Faculty of Biology and Medicine, University of Lausanne, 1015 Lausanne, Switzerland.
Interdisciplinary Center for Bone Diseases, Lausanne University Hospital and University of Lausanne, 1011 Lausanne, Switzerland; Service of Internal Medicine, Lausanne University Hospital and University of Lausanne, 1011 Lausanne, Switzerland.
Bone. 2023 Jul;172:116764. doi: 10.1016/j.bone.2023.116764. Epub 2023 Apr 14.
Denosumab discontinuation (DD) is associated with serum C-terminal X-linked telopeptides (sCTX) increase, bone mineral density (BMD) loss and vertebral fractures (VFs) risk increase. We compared clinical characteristics of women losing or not lumbar spine (LS) BMD one-year after DD, and their sCTX values at different time-points.
We included women from the ReoLaus cohort having received ≥2 denosumab 60 mg injections, with three BMD measurements on the same device (before (DXA1), at the end of denosumab treatment (DXA2), and one-year after (DXA3)) and sCTX measured at different time-points. Losers (LS DXA3-DXA2 > 2.8 %) and stable groups were compared.

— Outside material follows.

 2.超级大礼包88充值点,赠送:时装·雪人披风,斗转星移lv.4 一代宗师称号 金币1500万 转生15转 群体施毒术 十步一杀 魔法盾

63 postmenopausal women were included (mean age 64.2 ± 9.1 years, 7.9 ± 2.7 denosumab injections). 19 months after last denosumab injection, 65 % had lost LS BMD. Losers were younger, had lower BMD and higher sCTX before denosumab, received more injections and gained more BMD under denosumab, and had higher sCTX after DD. Same proportion of patients received bisphosphonates in both groups, but 11 (all in losers group) received ≥1 zoledronate infusion. Three women developed VFs in the losers group (none in the stable). Mean sCTX at 10 and 19 months were 590 ± 372 versus 221 ± 101, and 598 ± 324 versus 293 ± 157 ng/l, respectively (premenopausal range < 573 ng/l, p < 0.01 for both). LS BMD loss and sCTX levels measured at 10 and 19 months were correlated (r = 0.29, p = 0.01, and r = 0.16, p < 0.005).

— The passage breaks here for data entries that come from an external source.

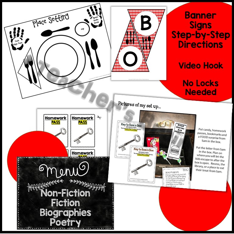There is a PDF file with step-by-step instructions, a link to incorporate a YouTube Video to HOOK your students into accepting a mission to help a store owner have his Grand Opening. It can only be solved by working through some book “tastings” and using teamwork. Opening the box, (no locks needed) leads them to escape the classroom to enjoy recess or a library break outside of the classroom. Ideas are included.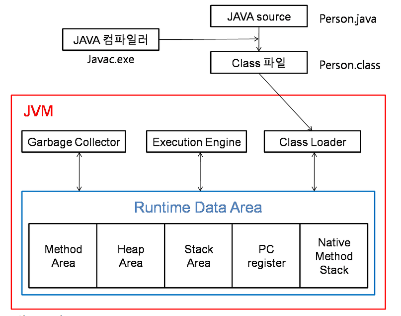 - Class Loader : JVM 내로 클래스 파일을 로드하고, 링크를 통해 배치하는 작업을 수행하는 모듈이다. 런타임 시에 동적으로 클래스를 로드한다.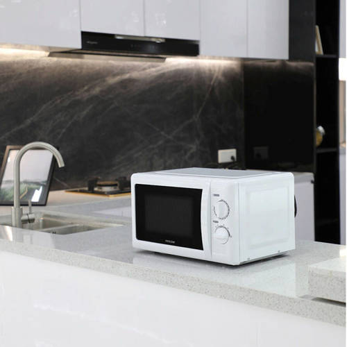 De Proline SM22 magnetron onderscheidt zich door zijn compacte afmetingen en past hierdoor in kleine ruimtes. Deze witte magnetron is volledig mechanisch te bedienen en hierdoor heel eenvoudig in gebruik. Door de roterende plateau kan de warmte gelijkmatig worden verdeeld. Het garandeert een gelijkmatige verwarming van jouw voedsel. Dankzij 6 vermogensniveaus kan je veel soorten voedsel bereiden. Hij heeft daarnaast een 30-minuten timer.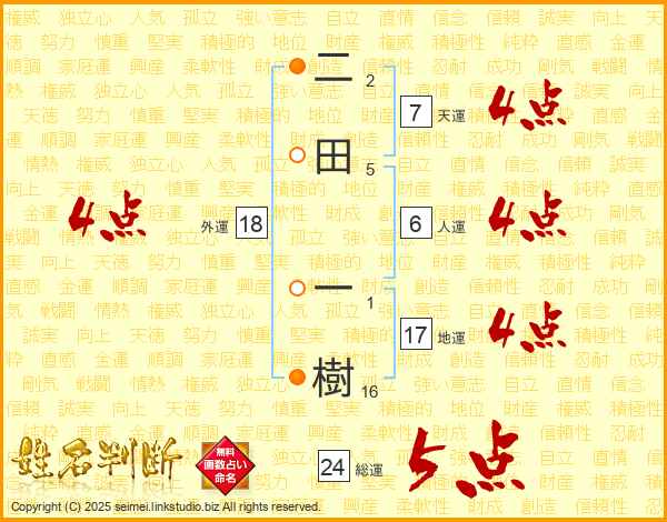 生活面を象徴する運勢です。外部から受ける影響力を表し、結婚運、家庭運や職場、環境への順応性を表します。総運から人運を引いた画数。姓や名が1文字の場合を除く。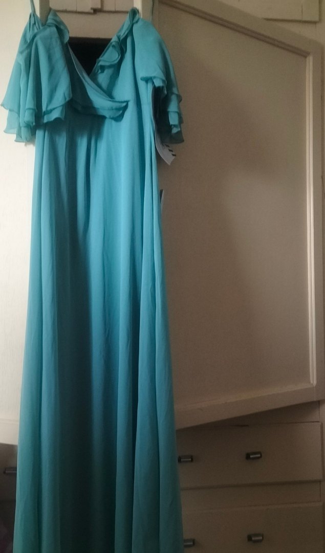 Turkuaz renkli, uzun ve drapeli tasarıma sahip, V yakalı, kolsuz ve salaş kesim kadın abiyesi. Vintage ve modern klasik stilin birleşimi, düğünler için uygun.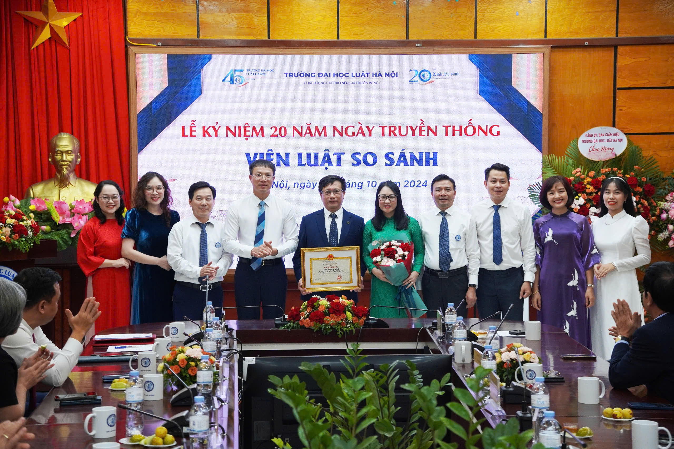 Tại buổi Lễ, tập thể Viện Luật so sánh, Trường Đại học Luật Hà Nội đã vinh dự đón nhận Bằng khen của Bộ trưởng Bộ Tư pháp vì đã lập được thành tích xuất sắc trong nghiên cứu khoa học pháp lý so sánh và ứng dụng trong hoạt động đào tạo và xây dựng pháp luật.

Maintenance of BMD gained with denosumab is associated with sCTX in the low premenopausal range after DD. Whether this could be achieved by regular sCTX monitoring and adjustment of bisphosphonates doses or frequency administration needs to be confirmed by further studies.
地舒单抗停药(DD)与血清 C 端 X 连锁肽(sCTX)升高、骨密度(BMD)丢失和椎体骨折(VF)风险增加有关。我们比较了 DD 治疗后一年失去或未失去腰椎(LS)BMD 的女性的临床特征及其不同时间点 sCTX 值。

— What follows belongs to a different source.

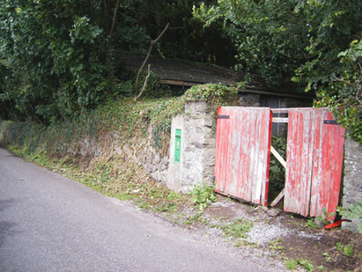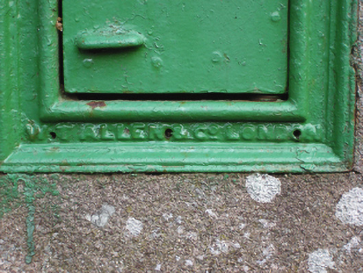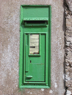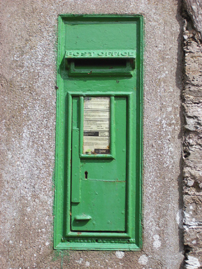 Wall-mounted cast-iron post box, c. 1940, with lettering in relief. Set into rendered wall.
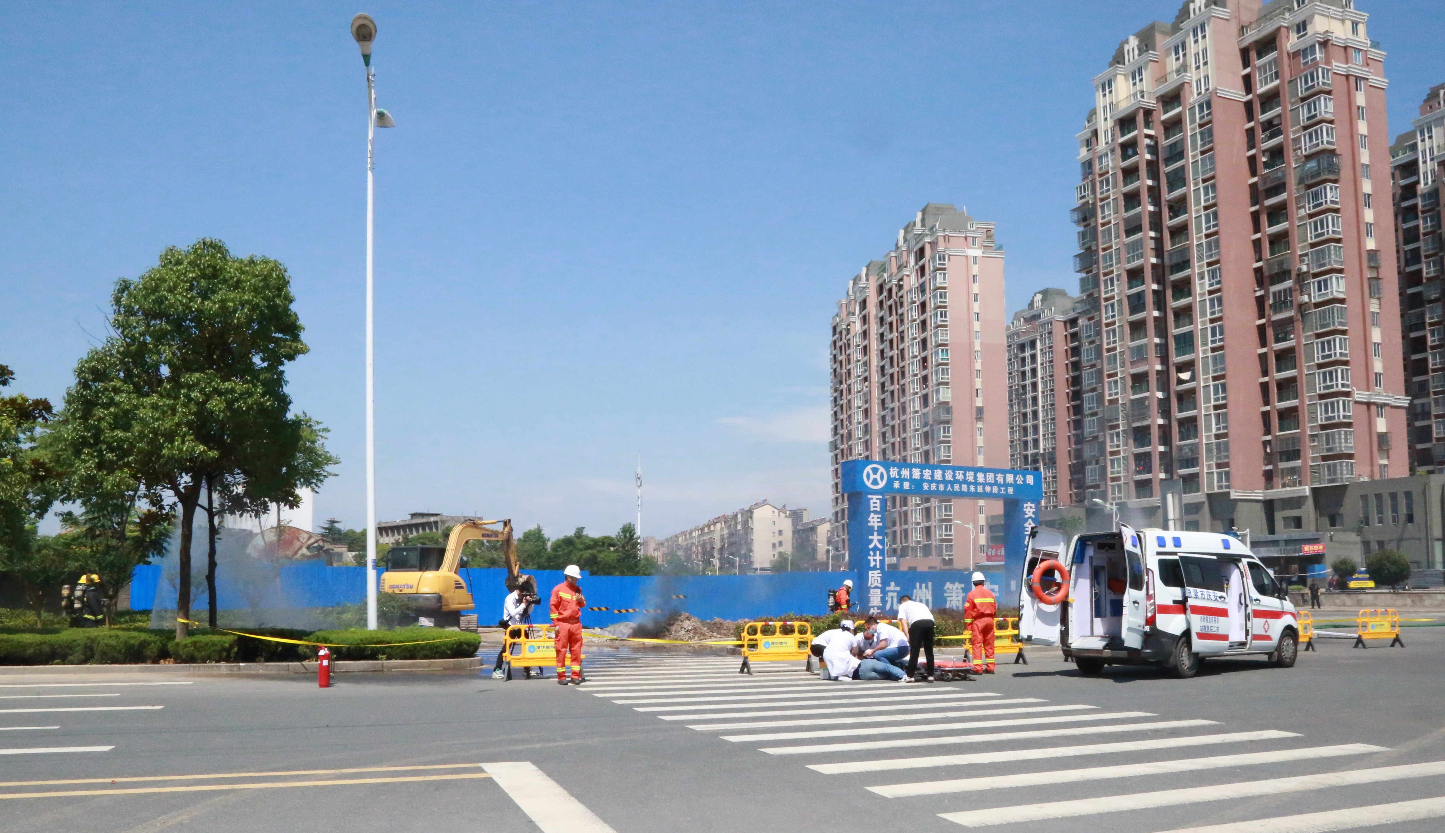 本次演練現(xiàn)場模擬了因第三方施工單位違章作業(yè)挖破安慶市迎江區(qū)獨秀大道水岸花都小區(qū)南側(cè)(獨秀大道與華中東路交叉口南行約200米)的地下中壓天然氣管道,引發(fā)天然氣泄漏后遇火源發(fā)生爆燃,造成多名人員受傷,同時泄漏的燃氣還竄至附近水岸花都小區(qū)市政管網(wǎng),隨時可能引發(fā)爆炸事故,威脅小區(qū)約3000戶居民及商戶生命財產(chǎn)安全。接到報警電話后,安慶港華燃氣與市公安局、市消防救援支隊、市衛(wèi)健委、迎江區(qū)政府、龍獅橋鄉(xiāng)政府等單位及時組織力量趕赴現(xiàn)場,并按照《安慶市城市燃氣事故應急預案》要求協(xié)同配合,有序開展現(xiàn)場警戒、群眾疏散、傷員救治、消防救援、搶險搶修等應急處置工作。

我们纳入了接受≥2 剂 60mg 地舒单抗治疗的 ReoLaus 队列中的女性,同一设备上有三次 BMD 测量(治疗前(DXA1)、地舒单抗治疗结束时(DXA2)和一年后(DXA3)),并在不同时间点测量 sCTX。比较失能组(LS DXA3-DXA2>2.8%)和稳定组。
纳入 63 例绝经后女性(平均年龄 64.2±9.1 岁,接受 7.9±2.7 次地舒单抗治疗)。末次地舒单抗注射后 19 个月,65%的女性 LS BMD 丢失。失能组更年轻,地舒单抗治疗前 BMD 更低,sCTX 更高,地舒单抗治疗期间接受了更多的注射,获得了更多的 BMD,停药后 sCTX 更高。两组中均有相同比例的患者接受了双膦酸盐治疗,但有 11 例(均在失能组)接受了≥1 次唑来膦酸输注。失能组有 3 例发生 VF(稳定组无)。失能组的平均 sCTX 在 10 个月和 19 个月时分别为 590±372 与 221±101ng/L,598±324 与 293±157ng/L(绝经前范围<573ng/L,均 p<0.01)。10 个月和 19 个月时 LS BMD 丢失与 sCTX 水平相关(r=0.29,p=0.01,r=0.16,p<0.005)。
DD 后 sCTX 处于低绝经前范围与地舒单抗获得的 BMD 维持有关。通过定期 sCTX 监测和调整双膦酸盐剂量或增加给药频率是否可以实现这一点,需要进一步的研究来证实。